Beyond that, humans have been doing this for millennia with livestock, why should doing it with humans be any different? “Because we’re human, not animals” is not a valid answer. Nor are appeals to Frank Herbert. :slight_smile:

Only if you create a million embryos. The harvesting of human eggs is the limiting factor, since it’s a bit harder to harvest eggs than it is to harvest sperm. For a typical round of IVF we’re looking at a 10-30 eggs. So you can’t pick and chose that one in a million baby, instead you can pick one in a dozen. Ensuring that the baby doesn’t have any serious genetic defects is the best you can do, the more genes you add to the screening the more tradeoffs you’re going to have to accept.

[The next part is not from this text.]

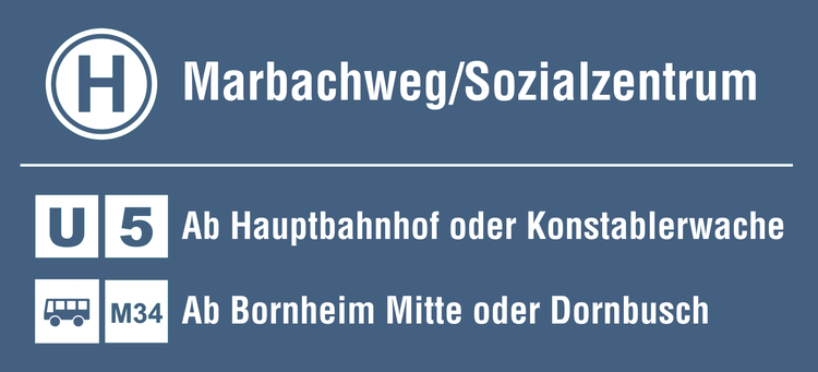 Die Vereinsabende und den Museumsshop in den Vereinsräumen im Eckenheimer Depot erreichen Sie bequem mit den öffentlichen Verkehrsmitteln von der Haltestelle „Marbachweg/Sozialzentrum“ mit der U-Bahn-Linie U5 oder der Buslinie M34.

And each round of IVF doesn’t guarantee a child, in fact IVF fails more often than it succeeds. So parents that can conceive in the old-fashioned way are highly unlikely to chose this procedure unless they have good reason to believe their potential children are at serious risk for genetic disease.

Here’s an easy one to imagine: We breed out the tendency to become obese. Then something like an asteroid impact or supervolcano (or whatever) wipes out crops worldwide for several years. The survivors don’t tend to gain weight easily when they eat a lot, or don’t tend to eat more than they want at any given time, so they have a harder time surviving than humans with a tendency to gain weight would have had.

Or less dramatically, maybe there are more blue-eyed blondes, and the rate of skin cancer goes up.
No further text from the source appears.